Concerned that the county entered into a contract for construction of the ballpark under false pretenses of team poverty, the county commission voted last week to require Mr. Alvarez to initiate dialogue with the team.
For change to occur, the county, the City of Miami and the Marlins would have to mutually agree to open up the stadium contracts.
While Marlins officials would not comment on whether the team would be open to negotiations, county spokeswoman Suzy Trutie said the mayor is meeting with the county attorney’s office to determine what can be done to initiate dialogue.

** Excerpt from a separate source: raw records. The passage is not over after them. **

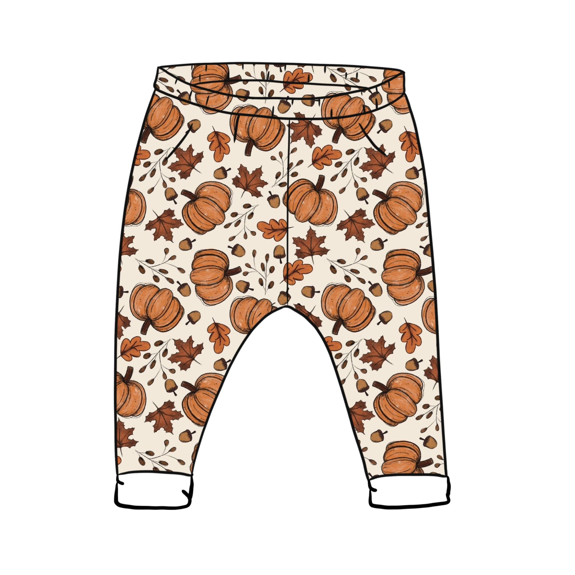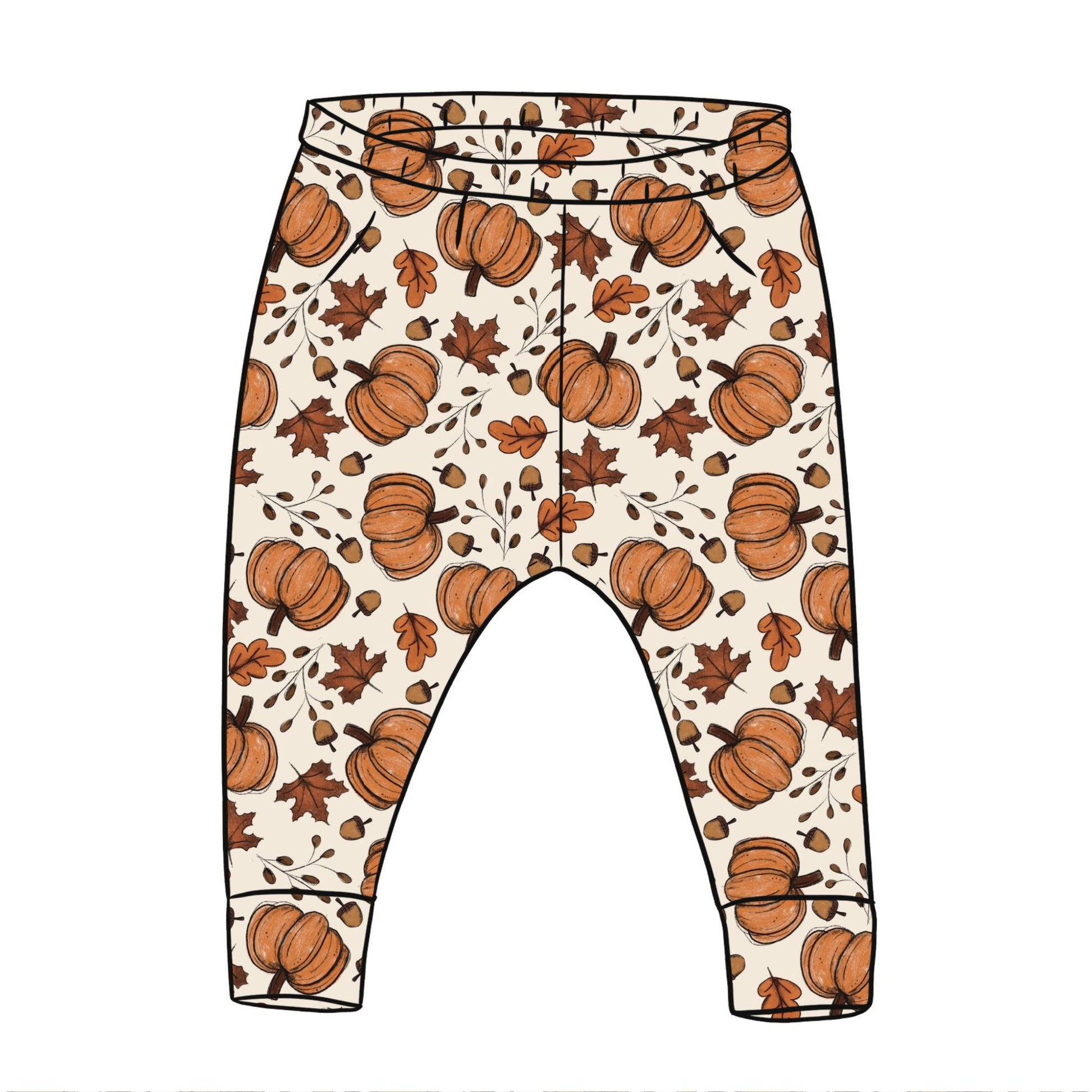 Wrap your little ones in the warm tones of autumn with our Harvest Vibes print Baby and Children’s Legging Trousers. Made from soft, breathable organic cotton, these leggings feature our Harvest Vibes hand-drawn print of pumpkins, acorns, and leaves on a pale cream background. Ideal for pumpkin picking, everyday play, and seasonal outings, they add cosy style to any little one’s wardrobe.
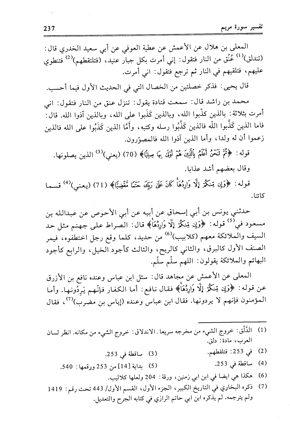 - حَدَّثَنِي يُونُسُ بْنُ أَبِي إِسْحَاقَ، عَنْ أَبِيهِ، عَنْ أَبِي الأَحْوَصِ، عَنْ عَبْدِ اللَّهِ بْنِ مَسْعُودٍ فِي قَوْلِهِ: {وَإِنْ مِنْكُمْ إِلا وَارِدُهَا} [مريم: 71] قَالَ: الصِّرَاطُ عَلَى جَهَنَّمَ مِثْلُ حَدِّ السَّيْفِ، وَالْمَلائِكَةُ مَعَهُمْ كَلابِيبُ مِنْ حَدِيدٍ، كُلَّمَا وَقَعَ رَجُلٌ اخْتَطَفُوهُ، فَيَمُرُّ الصِّنْفُ الأَوَّلُ كَالْبَرْقِ، وَالثَّانِي كَالرِّيحِ، وَالثَّالِثُ كَأَجْوَدِ الْخَيْلِ، وَالرَّابِعُ كَأَجْوَدِ الْبَهَائِمِ، وَالْمَلائِكَةُ يَقُولُونَ: اللَّهُمَّ سَلِّمْ سَلِّمْ.
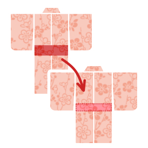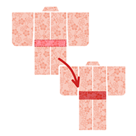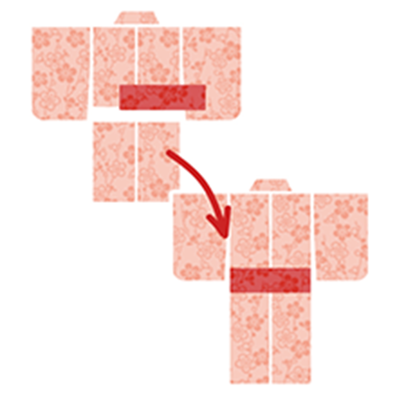 裾に柄がある場合や浴衣を切ってしまいたくない場合は、腰のあたりに縫い込みを施す「中揚げ」の方法でお直しをいたします。

When Miami-Dade entered into a three-way contract with the City of Miami and the Florida Marlins, it was under the belief that the team was cash-strapped and struggling to stay afloat. The Marlins refused to reveal their financials to the county during negotiations, but a 2003 pro-forma attributed to the team ownership had estimated the Marlins be to $141 million in debt, with equity declining. Based on copies of Marlins financials posted in recent weeks on the internet, in 2008 and 2009 combined the team had a net income of roughly $33.3 million.
According to the construction agreement, Miami-Dade is set to contribute $347.5 million to the $515 million project while the city is to provide $13.5 million and also fund parking construction.
Of county funds, $237.5 would be financed through tourist tax dollars, $60 million though the Convention Development Tax and $50 million through general obligation bonds. The county is to repay two other bond issues over decades at a total of $2.4 billion as part of the stadium financing.
The Marlins are to put $154 million into the deal, $35 million of which will be financed through county bonds and repaid over time. The team is expected to contribute $2.3 million each year in stadium rent, which is included in that $154 million.